WORK INSTRUCTIONS
What you return must match the listing below exactly, minus any pictures.

INPUT DATA
--------------------------------------------------
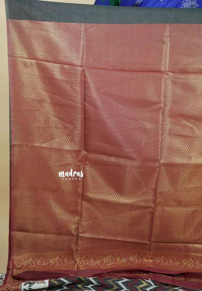 Kanchi semi Silk Saree with grand intregate pattern weaving all over the body. Semi silk sarees represent modern variations of classic silk sarees influenced by the need for luxury and comfort in silk sarees at very affordable prices.
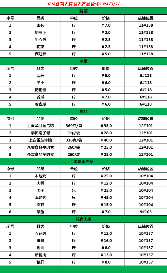 据农业农村部监测,3月26日“农产品批发价格200指数”为123.40,比前天下降0.08个点,“菜篮子”产品批发价格指数为124.61,比前天下降0.09个点。截至昨日14:00时,全国农产品批发市场猪肉平均价格为20.53元/公斤,比前天上升1.3%;牛肉68.46元/公斤,比前天上升0.6%;羊肉63.92元/公斤,比前天上升0.7%;鸡蛋8.47元/公斤,比前天下降1.4%;白条鸡17.69元/公斤,比前天下降0.8%。重点监测的28种蔬菜平均价格为5.06元/公斤,比前天下降1.0%;重点监测的6种水果平均价格为7.43元/公斤,比前天下降0.5%。鲫鱼18.57元/公斤,比前天下降0.5%;鲤鱼14.45元/公斤,比前天下降1.0%;白鲢鱼9.83元/公斤,比前天上升0.5%;大带鱼41.63元/公斤,比前天上升4.0%。
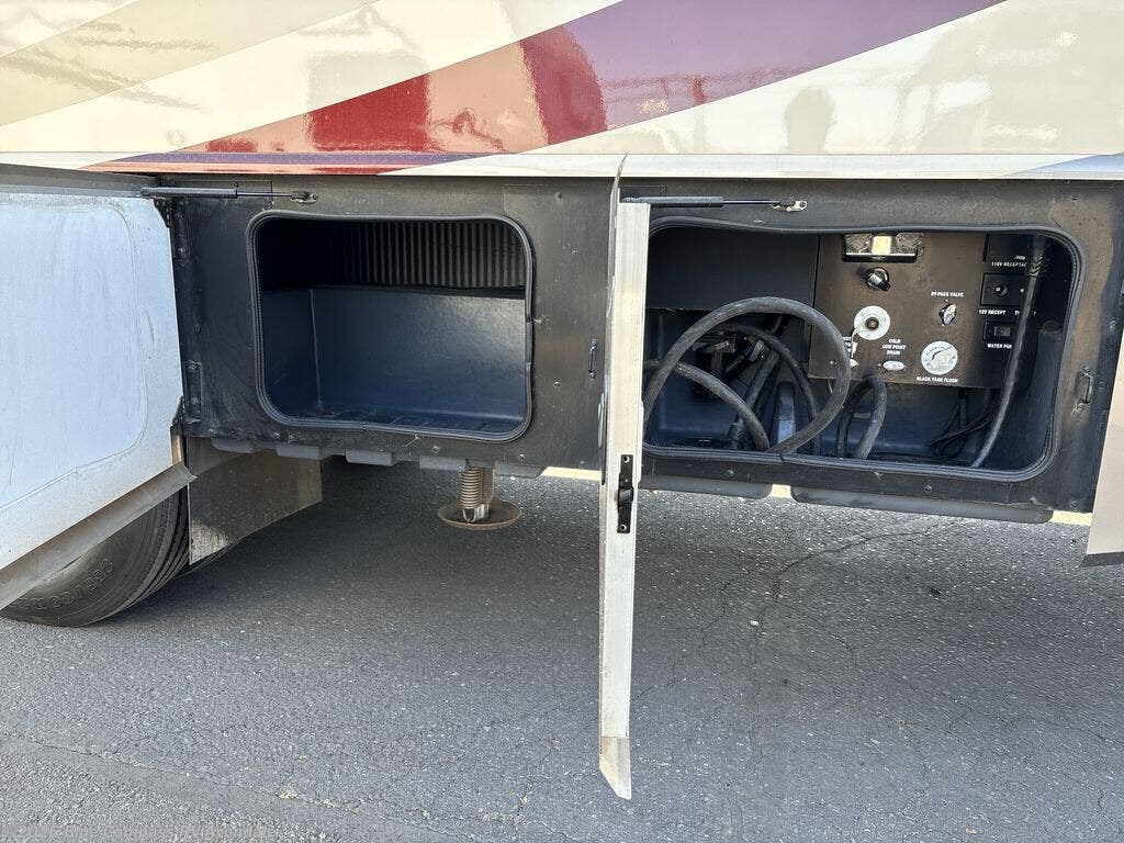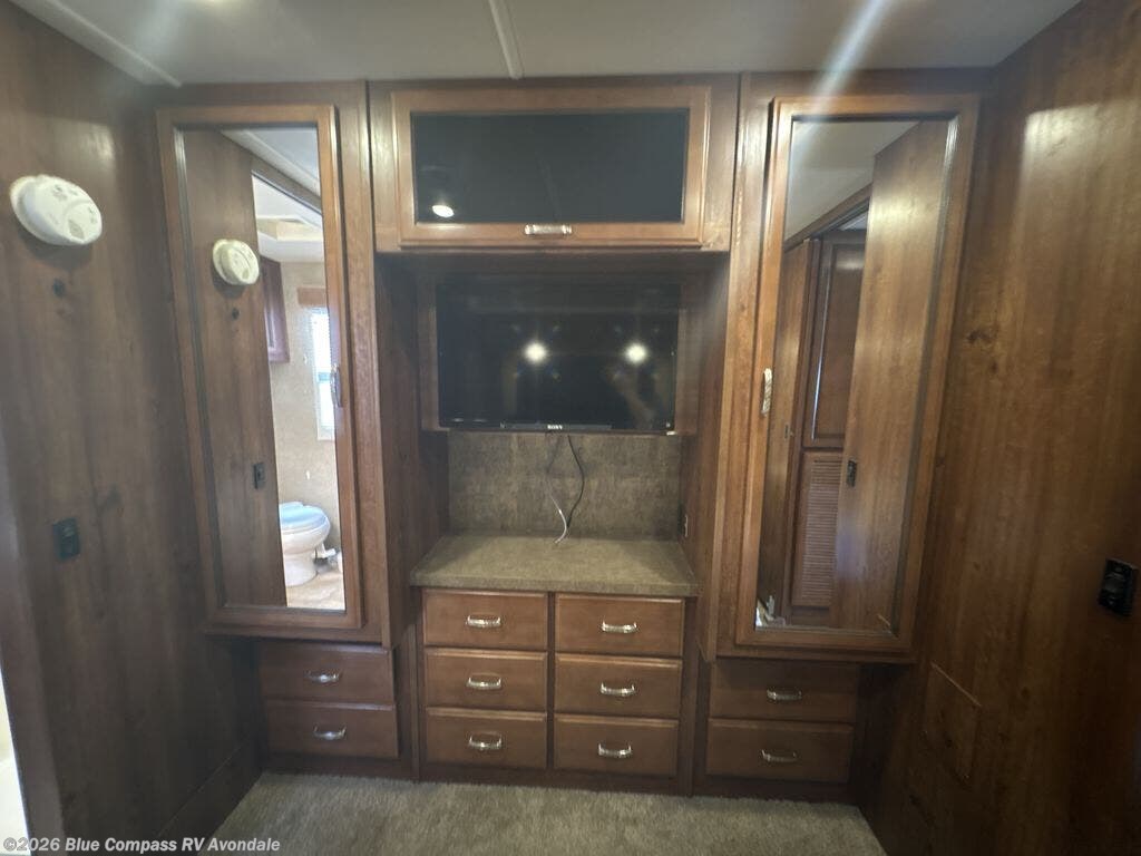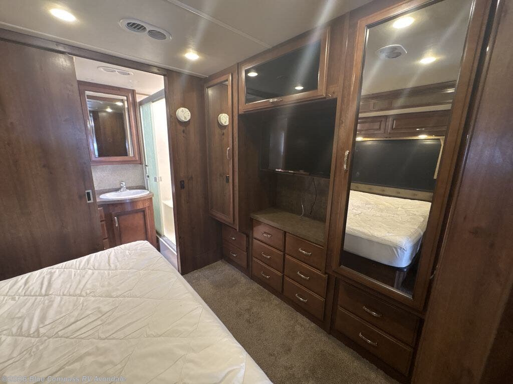 The 36E Bounder Fleetwood motor home features a rear master bathroom as well as a convenient half bath. Starting in the rear of the motor home, you will find the master bath with a cabinet shelf for organization, toilet, sink, and shower. The bedroom has a queen bed and nightstands slide, double wardrobes, dresser, and 32" LED tv. As you leave the bedroom the half bath is on the left.
--------------------------------------------------
ANSWER BOX
 Kanchi semi Silk Saree with grand intregate pattern weaving all over the body. Semi silk sarees represent modern variations of classic silk sarees influenced by the need for luxury and comfort in silk sarees at very affordable prices.
 据农业农村部监测,3月26日“农产品批发价格200指数”为123.40,比前天下降0.08个点,“菜篮子”产品批发价格指数为124.61,比前天下降0.09个点。截至昨日14:00时,全国农产品批发市场猪肉平均价格为20.53元/公斤,比前天上升1.3%;牛肉68.46元/公斤,比前天上升0.6%;羊肉63.92元/公斤,比前天上升0.7%;鸡蛋8.47元/公斤,比前天下降1.4%;白条鸡17.69元/公斤,比前天下降0.8%。重点监测的28种蔬菜平均价格为5.06元/公斤,比前天下降1.0%;重点监测的6种水果平均价格为7.43元/公斤,比前天下降0.5%。鲫鱼18.57元/公斤,比前天下降0.5%;鲤鱼14.45元/公斤,比前天下降1.0%;白鲢鱼9.83元/公斤,比前天上升0.5%;大带鱼41.63元/公斤,比前天上升4.0%。
 The 36E Bounder Fleetwood motor home features a rear master bathroom as well as a convenient half bath. Starting in the rear of the motor home, you will find the master bath with a cabinet shelf for organization, toilet, sink, and shower. The bedroom has a queen bed and nightstands slide, double wardrobes, dresser, and 32" LED tv. As you leave the bedroom the half bath is on the left.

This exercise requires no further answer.